→ Work to complete:
Return the full listing unchanged, excluding any images it contains.
-------- Recorded data --------
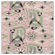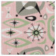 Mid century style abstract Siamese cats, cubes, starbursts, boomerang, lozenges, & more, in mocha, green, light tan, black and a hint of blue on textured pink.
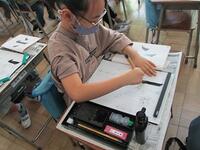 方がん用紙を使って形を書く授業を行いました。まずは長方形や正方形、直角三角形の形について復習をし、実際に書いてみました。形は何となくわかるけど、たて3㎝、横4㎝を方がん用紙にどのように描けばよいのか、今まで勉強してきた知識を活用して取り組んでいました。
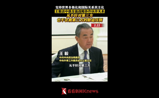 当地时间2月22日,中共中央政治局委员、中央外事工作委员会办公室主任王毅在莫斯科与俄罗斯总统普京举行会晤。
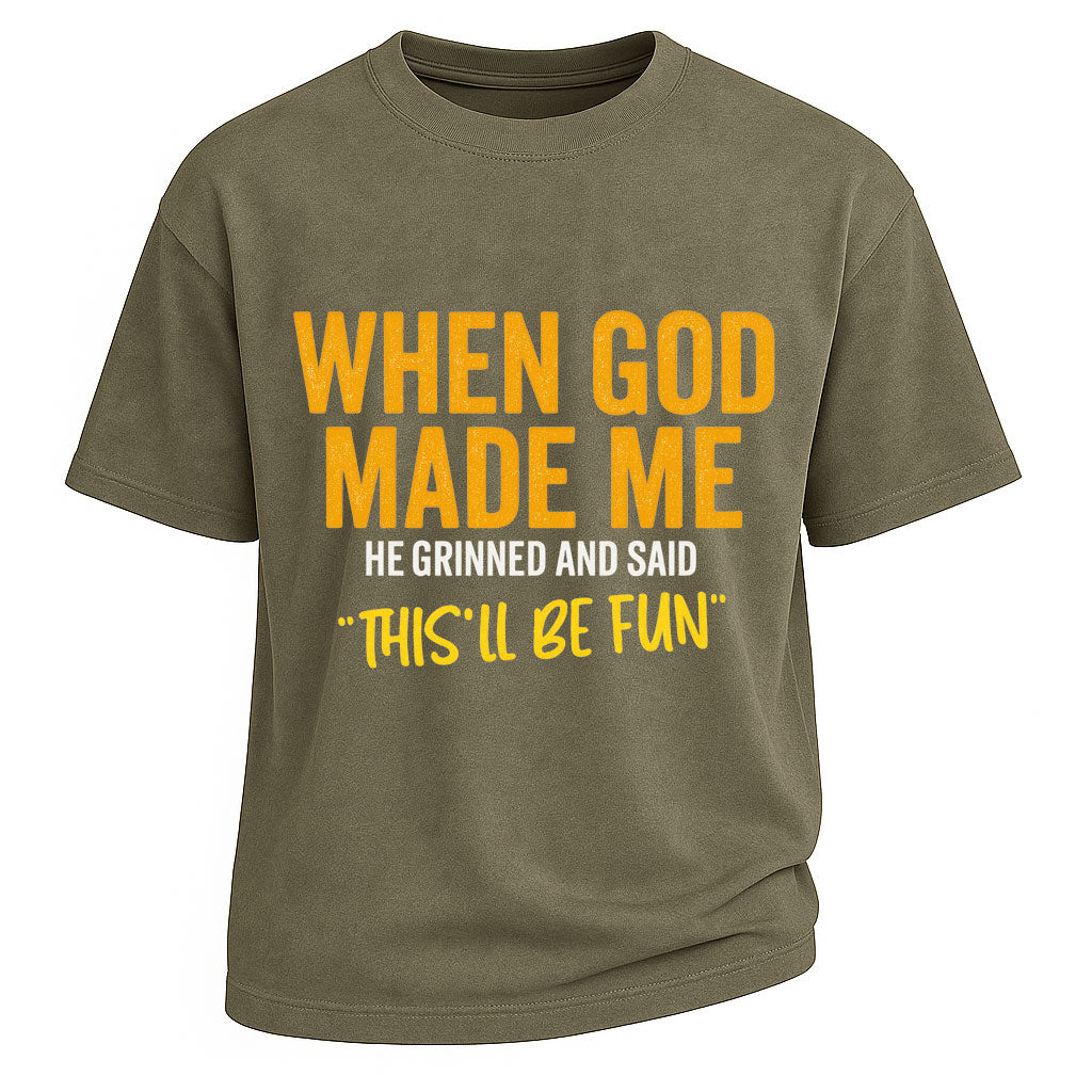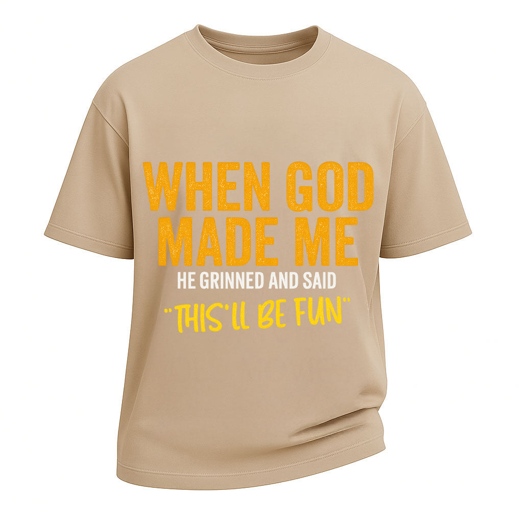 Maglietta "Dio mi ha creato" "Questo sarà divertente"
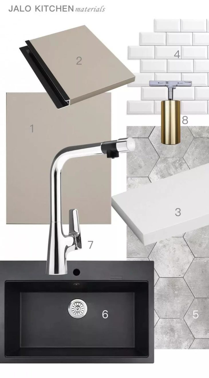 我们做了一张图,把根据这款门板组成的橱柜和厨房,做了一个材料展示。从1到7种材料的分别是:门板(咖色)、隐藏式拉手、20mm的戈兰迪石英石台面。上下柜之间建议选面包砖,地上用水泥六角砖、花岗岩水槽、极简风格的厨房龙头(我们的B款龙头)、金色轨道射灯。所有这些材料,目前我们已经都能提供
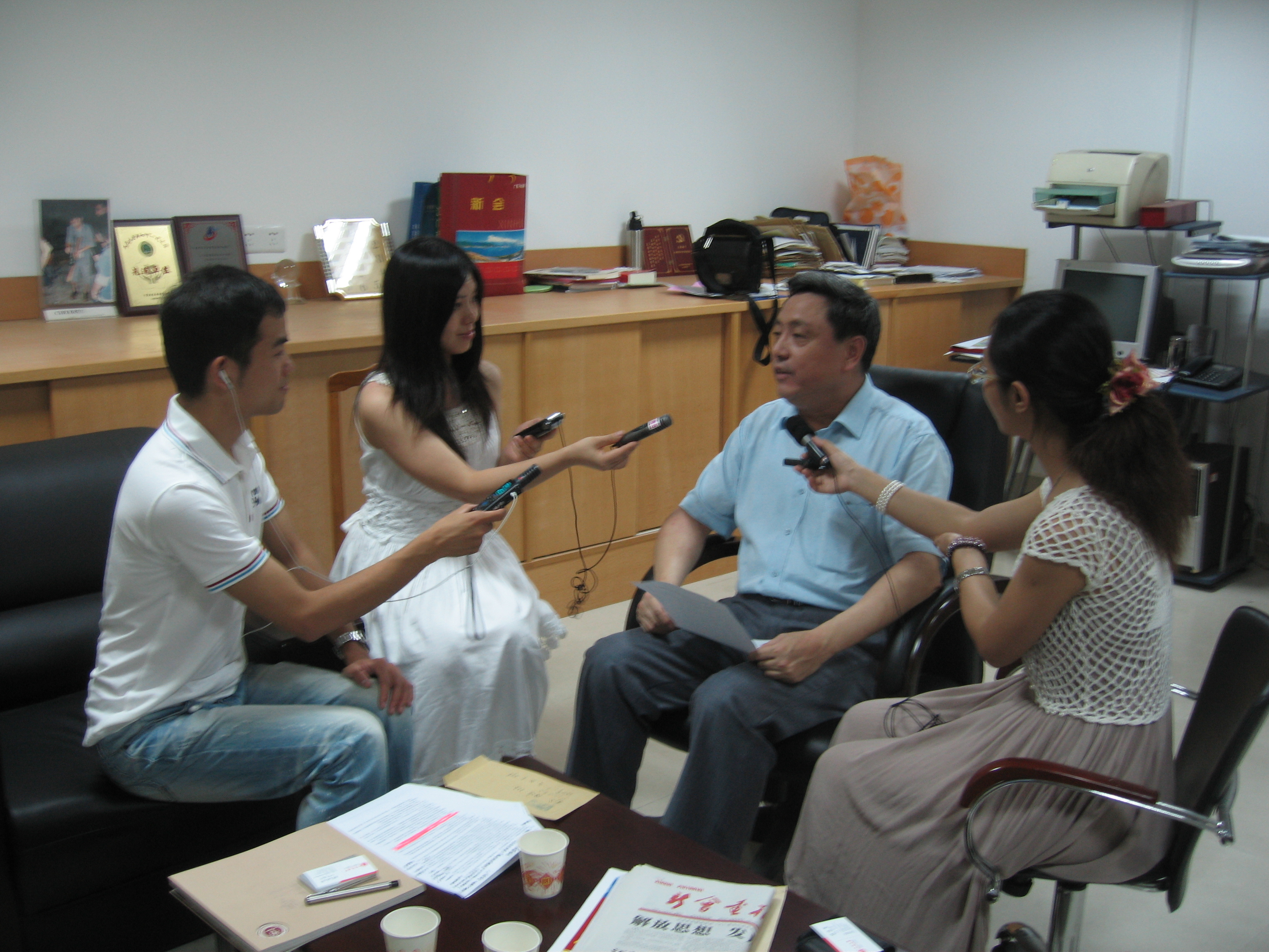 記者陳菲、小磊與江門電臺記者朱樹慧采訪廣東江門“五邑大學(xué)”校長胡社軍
--------
→ Written response:
 Mid century style abstract Siamese cats, cubes, starbursts, boomerang, lozenges, & more, in mocha, green, light tan, black and a hint of blue on textured pink.
 方がん用紙を使って形を書く授業を行いました。まずは長方形や正方形、直角三角形の形について復習をし、実際に書いてみました。形は何となくわかるけど、たて3㎝、横4㎝を方がん用紙にどのように描けばよいのか、今まで勉強してきた知識を活用して取り組んでいました。
 当地时间2月22日,中共中央政治局委员、中央外事工作委员会办公室主任王毅在莫斯科与俄罗斯总统普京举行会晤。
 Maglietta "Dio mi ha creato" "Questo sarà divertente"
 我们做了一张图,把根据这款门板组成的橱柜和厨房,做了一个材料展示。从1到7种材料的分别是:门板(咖色)、隐藏式拉手、20mm的戈兰迪石英石台面。上下柜之间建议选面包砖,地上用水泥六角砖、花岗岩水槽、极简风格的厨房龙头(我们的B款龙头)、金色轨道射灯。所有这些材料,目前我们已经都能提供
 記者陳菲、小磊與江門電臺記者朱樹慧采訪廣東江門“五邑大學(xué)”校長胡社軍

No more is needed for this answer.